● **TASK TO COMPLETE**:
Would you please return the data below verbatim, without its pictures?

Saved data entries
^^^^^^^^

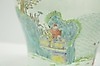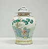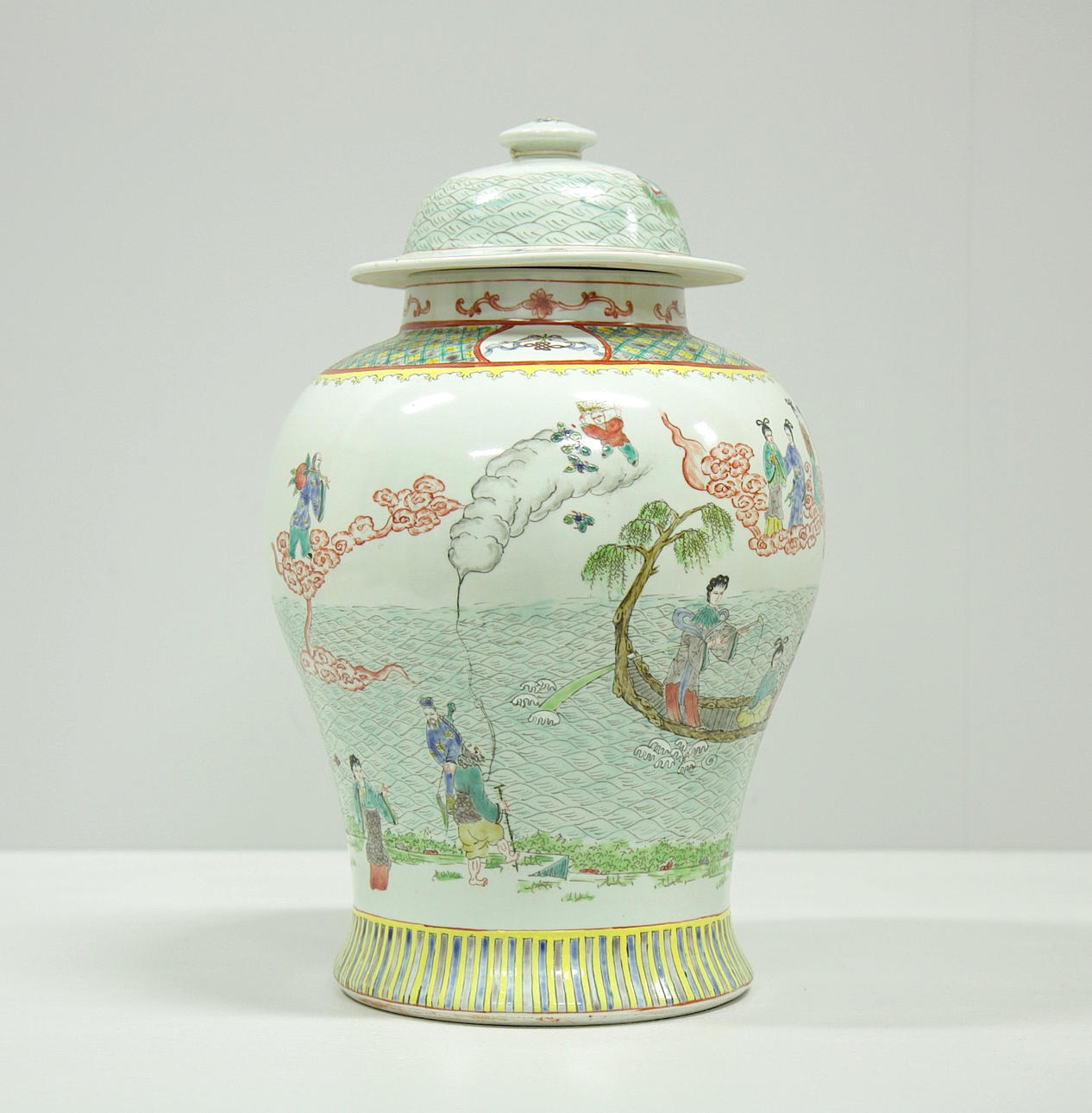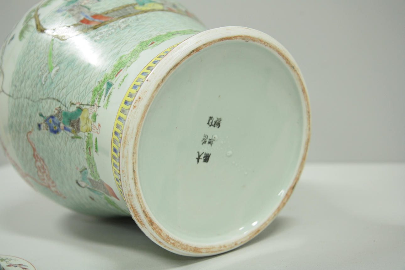 Estampado policromado con escenas de figuras y flores. Altura unos 42 cm.
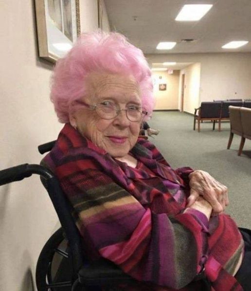 Fotografia a fost facuta de o tanara care a ramas fara cuvinte in momentul in care, pe holurile unui spital, a zarit o batranica cu parul roz, plina de viata, in ciuda varstei inaintate pe care o avea.
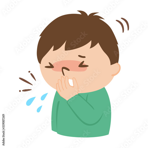 手で口を覆ってくしゃみをしている若い男性のイラスト。
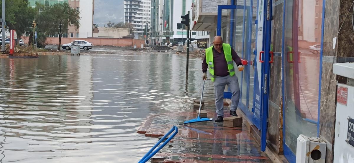 Dün gün boyu süren ve gece şiddetini artıran sağanak, İskenderun'da hayatı olumsuz etkiledi.
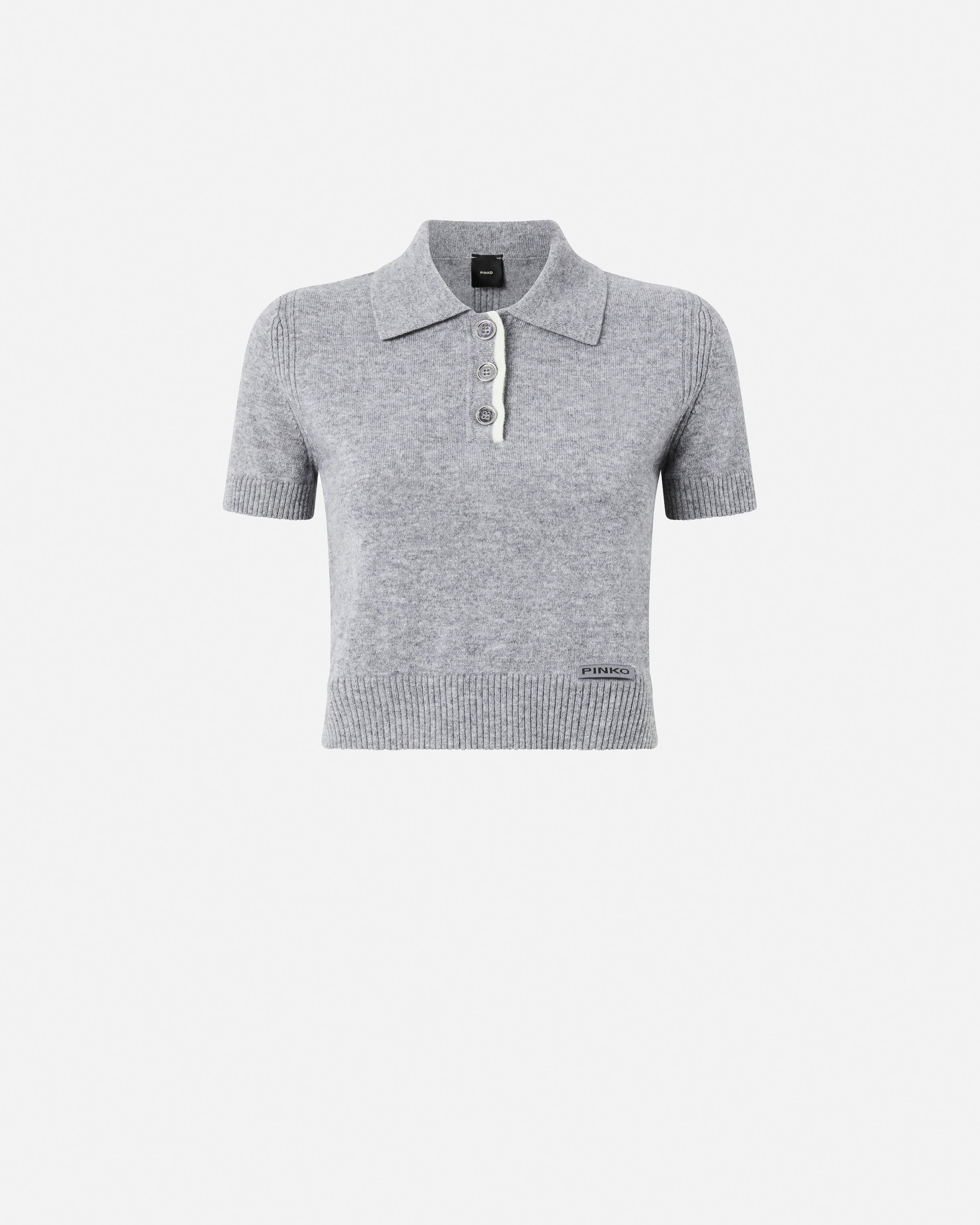 Short slim-fit polo-style sweater in soft merino wool and cashmere-blend yarn. The style is completed by the ribbed sleeve trims and hem, and the tone-on-tone label with the PINKO lettering logo on the left side of the chest. The contrasting yarn elegantly highlights the three-button placket. The piece has undergone finishing tests to minimise the possible formation of pilling, ensuring greater fabric softness and durability. The quality fabric and versatile design will create endless looks.

^^^^^^^^

● **TASK ANSWER**:
 Estampado policromado con escenas de figuras y flores. Altura unos 42 cm.
 Fotografia a fost facuta de o tanara care a ramas fara cuvinte in momentul in care, pe holurile unui spital, a zarit o batranica cu parul roz, plina de viata, in ciuda varstei inaintate pe care o avea.
 手で口を覆ってくしゃみをしている若い男性のイラスト。
 Dün gün boyu süren ve gece şiddetini artıran sağanak, İskenderun'da hayatı olumsuz etkiledi.
 Short slim-fit polo-style sweater in soft merino wool and cashmere-blend yarn. The style is completed by the ribbed sleeve trims and hem, and the tone-on-tone label with the PINKO lettering logo on the left side of the chest. The contrasting yarn elegantly highlights the three-button placket. The piece has undergone finishing tests to minimise the possible formation of pilling, ensuring greater fabric softness and durability. The quality fabric and versatile design will create endless looks.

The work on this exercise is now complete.